The Soup Noodles of Ho Chi Minh City

You’re in HCMC (Sài Gòn) and the first thing you want to eat is probably a fragrant bowl of phở. Absolutely fair enough. But famous phở is just one soup noodle dish you can expect in Ho Chi Minh City – there are plenty more. 

When you get there, as alluring as endless bowls of the superlative phở are, leave time and stomach capacity to explore the complex world of HCMC's other soup noodle offerings. Here are 8 of our faves.

MÌ QUẢNG  

ORIGINS: Quảng Nam province, in central Vietnam.

NOODLES: The wide, flat rice noodles are typically dyed a golden-yellow with turmeric, which adds colour and imparts a subtle, earthy note. The use of turmeric is a nod to the historical trade routes that passed through this region. 

BROTH: A rich pork bone broth seasoned with fish sauce, black pepper, shallots and garlic. It’s traditionally poured over the noodles at the table, keeping the dish fresh and fragrant. Unlike other Vietnamese noodle soups, this dish isn’t about copious soupy broth, but rather a small ladle of richly concentrated broth that lightly coats the noodles. It’s a fascinating mix of a soup and a dry noodle dish, depending on the cook’s preference or the diner’s request. 

MEATY BITS: Usually served with prawns and pork, but variations include beef, chicken, or fish.

ADD ONS: Crunchy bánh tráng (sesame rice crackers), fried shallots, and heaps of fresh herbs like cilantro, mint, and shredded banana blossom. It's a dish that’s often served for family gatherings or special occasions in central Vietnam and the act of serving mì quảng at the table—pouring the broth over the noodles just before eating— is a bit interactive. Eating it is a ritual; often, with diners crumbling the crispy rice crackers into their bowl to create a personal crunch-to-noodle ratio.

WHERE TO EAT:

Mì Quảng Mỹ Sơn, 7 Kỳ Đồng, P. 9, Quận 3, open 6am-10pm, daily. Thís is a franchise of restaurants with several locations though the city.

Mì Quảng Sâm, 8 Ca Văn Thỉnh, Phường 11, Tân Bình, open 6 am–1 pm and 3–9 pm dailyMake it stand out

BÚN CÁ CHÂU ĐỐC

ORIGINS: This dish originates from Châu Đốc, a town in the southern province of An Giang with strong Cambodian influences.

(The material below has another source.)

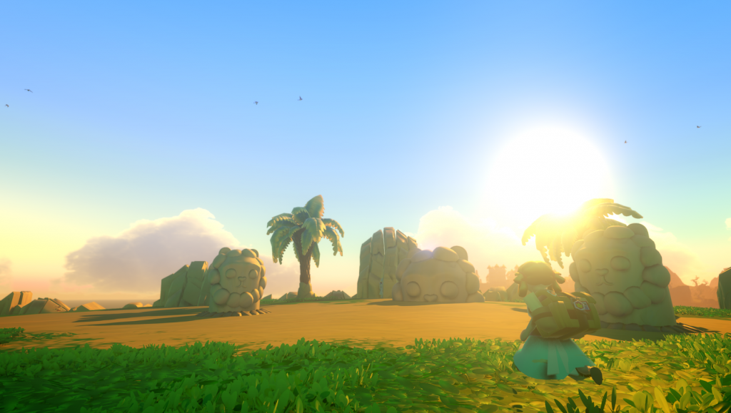 Como venimos anunciando, el apartado artístico de Yonder es lo más sobresaliente del juego, todo el su mundo está diseñado para que nos entre por los ojos y nos trasporte a la mágica isla de Gemea. Su estética, cercana al cell-shading pero con una clara evolución, nos recuerda al mundo creado para Zelda Breath of the Wild, por su diversidad de zonas, su armoniosa atmósfera y su relajante colorido.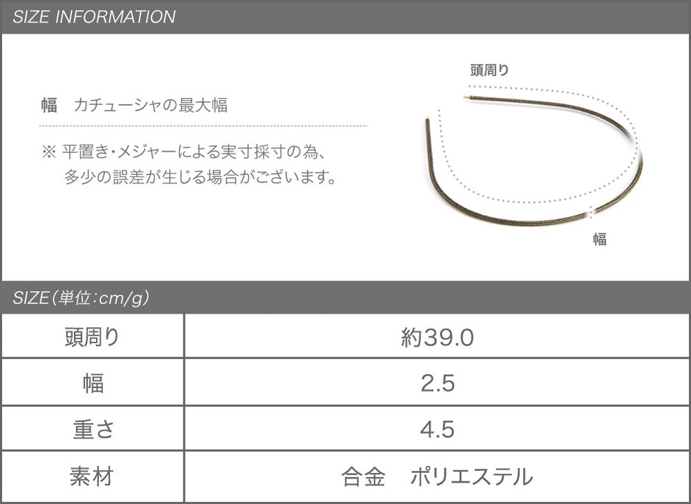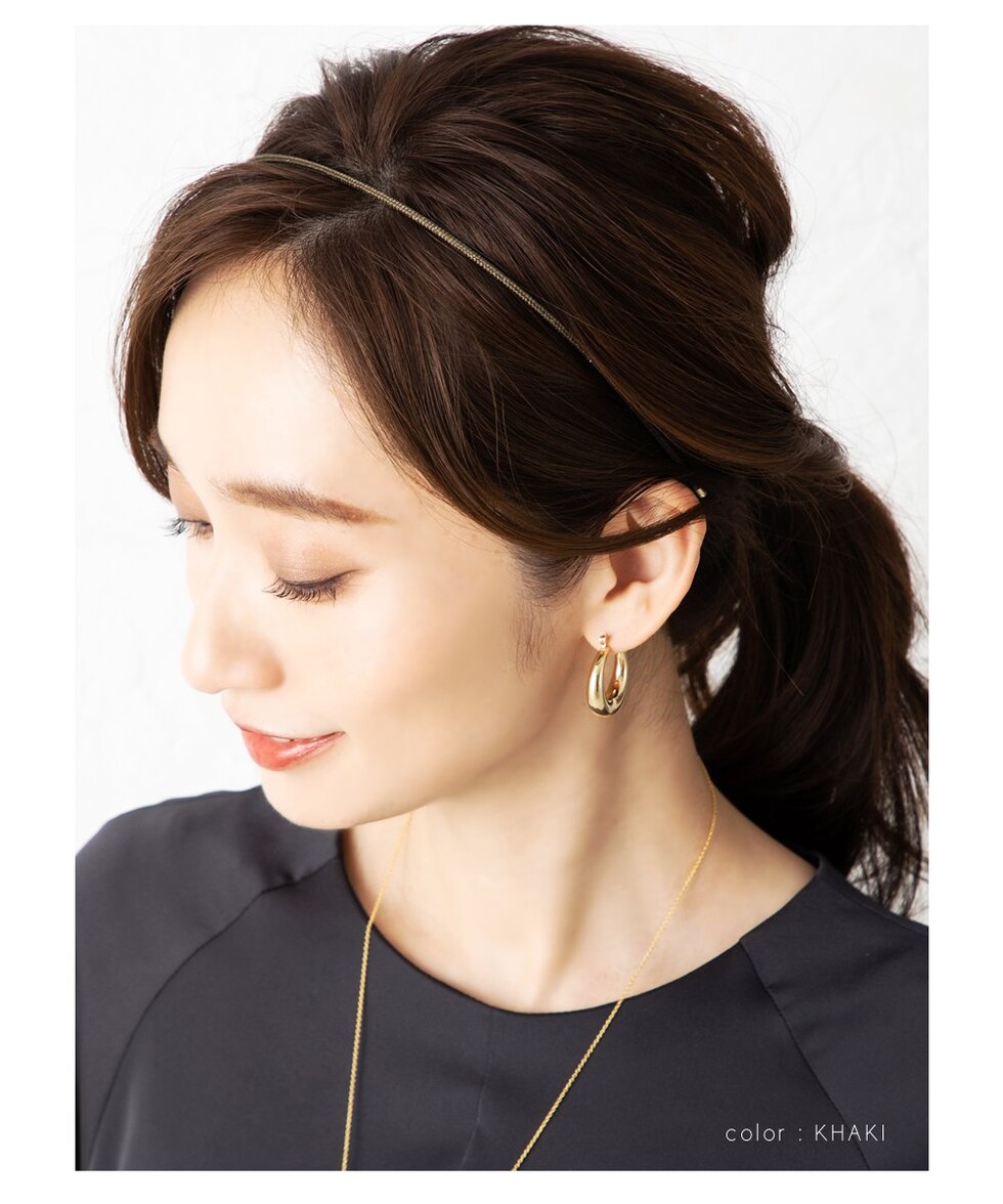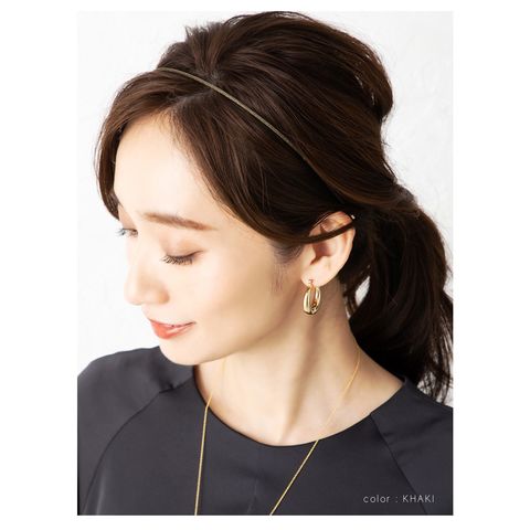 繊細に煌めくラメが編み込みされているスリムなデザインのカチューシャ。

Bún cá reflects the area’s cross-cultural culinary heritage, plus its abundance of freshwater fish from the Mekong.

NOODLES: Like many other Vietnamese noodle soups, bún cá uses light, delicate fresh rice vermicelli (bún), providing the perfect base for absorbing the broth without overpowering other ingredients.

BROTH: The broth is where bún cá shines. Fish is simmered with turmeric, which gives a golden hue and earthy undertones. What sets this dish apart, though, is the inclusion of cu ngải, or finger root. Related to ginger and turmeric but not as strong, it helps dispel fishy aromas and imparts a slightly floral, herbaceous flavour. The broth is light yet deeply flavoursome, with a perfect balance of savoury and subtle sweetness from the fish.

MEATY BITS: Bún cá centers around fish, often snakehead fish, caught in the rivers around Châu Đốc. There are endless regional spins, but a typical bowl includes fish, prawn, and slices of pork. Some versions also include squid or fish cake (chả cá), adding to the variety of textures and flavours.

ADD-ONS: Piles of blanched and raw vegetables, such as banana flower and morning glory. You also find sesbania flower, a species in the pea family with a vibrant yellow colour and a slightly herbal aftertaste. You only find this used as a garnish in this dish.

WHERE TO EAT:

Bún cá lóc Châu Đốc, 124 Đ. Võ Thị Sáu, Phường 8, Quận 3, open 6am-8pm, daily

Bún cá lóc Phan Lê, 159 Đ. Cao Thắng, Tổ 16 Khu phố 2, Quận 10, open 7am-10pm, daily. They serve a version of the soup with the fish head.

BÚN BÒ HUẾ

ORIGINS: From the ancient imperial city of Huế in central Vietnam, where unique dishes often strike a balance between fiery and sweet notes. 

BROTH: Grunty, complex, and beefy. Lemongrass predominates, lending a bright citrus note that cuts through the richness of the meat, with shrimp paste deepening the umami profile. Simmered over hours to extract maximum flavour, the broth skips between savoury, sweet and spicy, and the flavour is really distinctive.  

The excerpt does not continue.